Volume 13 - 2025 | https://doi.org/10.3389/fpubh.2025.1565914

This article is part of the Research Topic Innovative Teaching and Learning in Health Education and Promotion View all 23 articles

Effectiveness of a multicomponent intervention to promote physical activity during the school day: rationale and methods of the MOVESCHOOL study

  • 1GALENO Research Group, Department of Physical Education, Faculty of Education Sciences, University of Cadiz, Puerto Real, Spain
  • 2Instituto de Investigación e Innovación Biomédica de Cádiz (INiBICA), Cadiz, Spain
  • 3ACAFYDE Research Group, Department of Didactics of Musical, Plastic and Body Expression, Faculty of Sports Sciences, University of Extremadura, Caceres, Spain
  • 4Social and Health Care Research Center, University of Castilla-La Mancha, Cuenca, Spain

Background: Increasing levels of physical activity (PA) and reducing sedentary time among adolescents during the school day is a pressing need. Emerging methodologies and strategies been shown to be effective in increasing PA levels and providing additional benefits for students, such us physically active lessons (PAL), active breaks (AB) and active recesses (AR). However, evidence concerning adolescents remains limited. This manuscript presents the methods and rationale of the MOVESCHOOL study, which aims was to examine the effects of a multicomponent school-based intervention during the school day on indicators of PA, sedentary time, health, executive functions and education in adolescents.
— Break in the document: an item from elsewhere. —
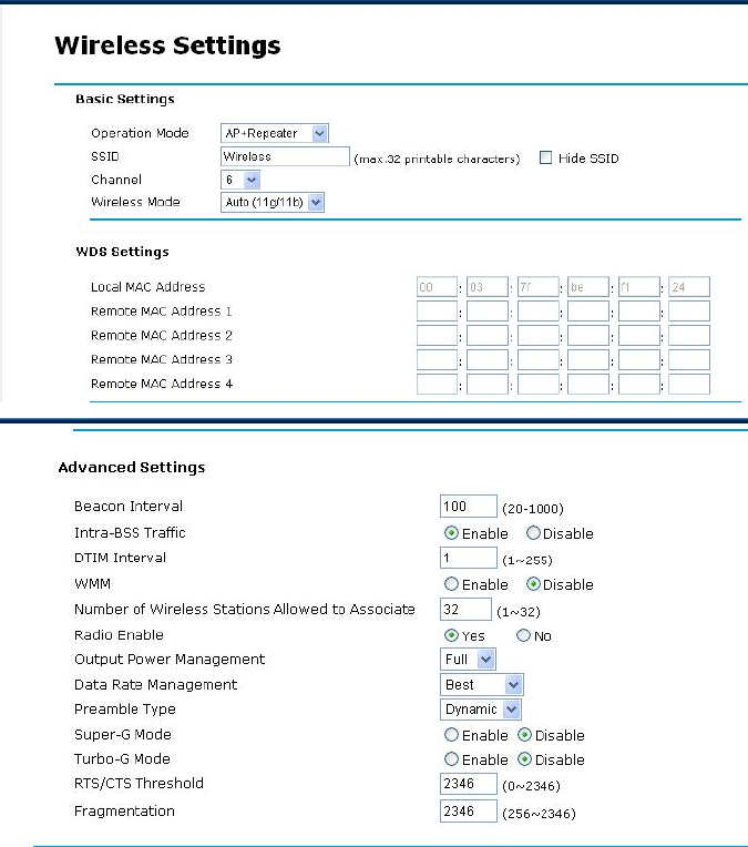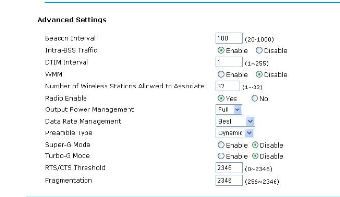 11g Radio 54Mbps 22.58dBm (Max.)

Methods: A quasi-experimental study was conducted with the aim to involve a total of 800 students aged 12–14 years old from 11 schools (7th and 8th grade) in south-western Spain, five schools forming the intervention group and six schools forming the control group. The evaluation included two independent measurements: pre-intervention and post-intervention. The intervention lasted 29 weeks and consisted of a multi-component programme including a weekly PAL, two 5 min daily AB, and a daily AR. Primary outcomes included accelerometer-based PA and sedentary time, health-related physical fitness, academic indicators, and executive functions. For statistical analyses, descriptive, correlational, regression, and repeated measures ANOVA analyses will be applied. Additionally, qualitative data were gathered through semi-structured individual interviews and focus groups, and information will be evaluated with thematic analysis.
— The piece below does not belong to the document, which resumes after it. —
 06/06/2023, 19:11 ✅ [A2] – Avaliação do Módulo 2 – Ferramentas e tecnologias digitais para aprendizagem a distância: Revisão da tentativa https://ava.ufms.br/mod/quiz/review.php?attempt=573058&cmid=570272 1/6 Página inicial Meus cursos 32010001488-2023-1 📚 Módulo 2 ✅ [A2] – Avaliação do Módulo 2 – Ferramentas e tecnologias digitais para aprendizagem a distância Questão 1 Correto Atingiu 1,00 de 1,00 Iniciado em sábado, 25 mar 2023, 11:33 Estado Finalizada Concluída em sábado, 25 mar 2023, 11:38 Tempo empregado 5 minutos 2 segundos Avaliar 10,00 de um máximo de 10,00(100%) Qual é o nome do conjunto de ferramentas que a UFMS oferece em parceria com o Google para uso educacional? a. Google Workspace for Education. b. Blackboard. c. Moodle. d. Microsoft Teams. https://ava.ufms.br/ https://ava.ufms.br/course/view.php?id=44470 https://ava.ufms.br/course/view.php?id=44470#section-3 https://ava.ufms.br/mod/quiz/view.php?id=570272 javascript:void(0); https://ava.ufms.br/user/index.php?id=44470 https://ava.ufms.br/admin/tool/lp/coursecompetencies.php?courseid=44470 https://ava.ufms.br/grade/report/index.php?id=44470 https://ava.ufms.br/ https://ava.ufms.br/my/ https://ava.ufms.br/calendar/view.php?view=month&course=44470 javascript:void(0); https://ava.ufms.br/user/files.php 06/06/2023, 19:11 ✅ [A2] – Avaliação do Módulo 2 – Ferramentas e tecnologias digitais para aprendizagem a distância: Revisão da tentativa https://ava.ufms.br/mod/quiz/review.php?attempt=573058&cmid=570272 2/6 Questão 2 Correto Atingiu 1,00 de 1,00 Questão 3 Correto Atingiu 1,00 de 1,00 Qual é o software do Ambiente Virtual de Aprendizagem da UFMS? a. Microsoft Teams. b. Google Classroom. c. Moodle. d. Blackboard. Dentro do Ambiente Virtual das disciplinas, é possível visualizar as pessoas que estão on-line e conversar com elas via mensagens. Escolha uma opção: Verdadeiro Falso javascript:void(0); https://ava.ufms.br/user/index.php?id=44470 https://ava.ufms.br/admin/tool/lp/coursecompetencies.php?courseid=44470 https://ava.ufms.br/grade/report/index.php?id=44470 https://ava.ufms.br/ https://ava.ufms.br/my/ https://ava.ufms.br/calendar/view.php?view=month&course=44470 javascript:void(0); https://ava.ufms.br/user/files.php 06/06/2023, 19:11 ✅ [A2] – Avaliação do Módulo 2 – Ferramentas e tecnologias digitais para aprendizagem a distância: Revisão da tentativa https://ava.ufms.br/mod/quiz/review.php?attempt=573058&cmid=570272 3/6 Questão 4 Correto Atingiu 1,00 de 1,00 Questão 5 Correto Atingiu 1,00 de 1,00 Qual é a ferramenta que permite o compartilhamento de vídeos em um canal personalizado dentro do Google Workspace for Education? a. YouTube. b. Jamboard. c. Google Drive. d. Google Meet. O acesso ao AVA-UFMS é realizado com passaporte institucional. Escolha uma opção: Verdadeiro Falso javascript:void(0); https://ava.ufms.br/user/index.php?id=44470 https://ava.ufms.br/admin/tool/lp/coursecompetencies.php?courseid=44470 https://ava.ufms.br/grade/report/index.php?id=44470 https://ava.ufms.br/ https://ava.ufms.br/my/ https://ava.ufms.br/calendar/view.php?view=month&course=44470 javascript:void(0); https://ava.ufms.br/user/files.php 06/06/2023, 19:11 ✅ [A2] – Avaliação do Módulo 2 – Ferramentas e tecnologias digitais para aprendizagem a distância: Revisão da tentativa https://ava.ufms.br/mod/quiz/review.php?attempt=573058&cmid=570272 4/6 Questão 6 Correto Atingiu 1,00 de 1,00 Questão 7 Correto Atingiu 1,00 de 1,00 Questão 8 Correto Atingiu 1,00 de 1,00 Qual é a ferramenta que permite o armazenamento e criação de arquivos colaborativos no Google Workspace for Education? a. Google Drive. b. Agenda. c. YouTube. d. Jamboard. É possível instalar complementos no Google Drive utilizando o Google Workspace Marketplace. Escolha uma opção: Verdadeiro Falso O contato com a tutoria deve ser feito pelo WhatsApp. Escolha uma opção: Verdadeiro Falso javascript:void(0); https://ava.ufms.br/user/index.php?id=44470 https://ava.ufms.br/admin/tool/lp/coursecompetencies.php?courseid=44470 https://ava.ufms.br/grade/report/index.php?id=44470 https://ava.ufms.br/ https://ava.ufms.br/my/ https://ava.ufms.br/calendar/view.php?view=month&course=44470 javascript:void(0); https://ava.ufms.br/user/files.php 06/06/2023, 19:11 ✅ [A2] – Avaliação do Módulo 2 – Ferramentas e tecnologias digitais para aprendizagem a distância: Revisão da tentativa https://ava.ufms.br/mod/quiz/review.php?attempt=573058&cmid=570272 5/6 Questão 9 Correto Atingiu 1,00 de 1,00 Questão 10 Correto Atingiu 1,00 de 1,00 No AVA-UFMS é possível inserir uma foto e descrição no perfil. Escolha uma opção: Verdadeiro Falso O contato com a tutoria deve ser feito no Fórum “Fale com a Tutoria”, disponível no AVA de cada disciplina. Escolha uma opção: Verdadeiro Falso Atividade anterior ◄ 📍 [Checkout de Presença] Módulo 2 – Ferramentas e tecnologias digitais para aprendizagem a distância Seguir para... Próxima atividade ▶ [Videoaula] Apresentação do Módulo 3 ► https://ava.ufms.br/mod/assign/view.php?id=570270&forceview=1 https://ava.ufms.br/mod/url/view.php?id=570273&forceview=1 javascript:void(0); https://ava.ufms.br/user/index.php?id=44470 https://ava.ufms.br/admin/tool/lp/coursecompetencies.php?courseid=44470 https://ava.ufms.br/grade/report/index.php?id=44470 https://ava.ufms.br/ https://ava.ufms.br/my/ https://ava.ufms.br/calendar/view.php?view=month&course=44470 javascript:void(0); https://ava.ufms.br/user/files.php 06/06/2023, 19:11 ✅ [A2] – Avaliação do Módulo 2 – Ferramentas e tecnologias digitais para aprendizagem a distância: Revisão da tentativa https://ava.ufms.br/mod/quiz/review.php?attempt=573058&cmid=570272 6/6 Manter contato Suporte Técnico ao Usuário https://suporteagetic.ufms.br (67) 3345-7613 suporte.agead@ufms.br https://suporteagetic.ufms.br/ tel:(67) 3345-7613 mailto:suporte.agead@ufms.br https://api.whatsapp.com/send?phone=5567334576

Discussion: The MOVESCHOOL study represents a pioneering effort in Spain, being the first of its kind to evaluate the effectiveness of a multicomponent programme in secondary schools. Furthermore, this project provides valuable insights into the effects of a multicomponent school-based PA intervention on PA levels, sedentary time, health-related, cognitive, academic indicators and psychological health markers in secondary school students. The results of this study will make a significant contribution to the educational community, providing them with innovative teaching methods and strategies that have the potential to increase PA levels during the school day. In addition, this research promises to provide a transformative experience for educators, equipping them with tools to promote the holistic development of their students, enriching their academic performance and enhancing their well-being.

Clinical trial registration: ClinicalTrials.gov, identifier NCT06254638.

1 Introduction

Increasing levels of physical activity (PA) and reducing sedentary time among children and adolescents is of paramount importance, as it helps to address the problems associated with current and lifelong physical inactivity, such as obesity and overweight (13). Additionally, it can positively affect other important factors during this stage, such as cognition and academic performance (4). Currently, PA levels among school-aged children are concerning. A systematic review in participants aged 5 to 18 years showed that children (≤12 years) spent 41 to 51% of the after-school period in sedentary time, whereas adolescents (>12 years) spent 57% of the after-school period in sedentary time (5). In addition, the school day is usually sedentary and Grao-Cruces et al. (6) found that Spanish secondary school students spent an average of 78% of the school day in sedentary behaviour.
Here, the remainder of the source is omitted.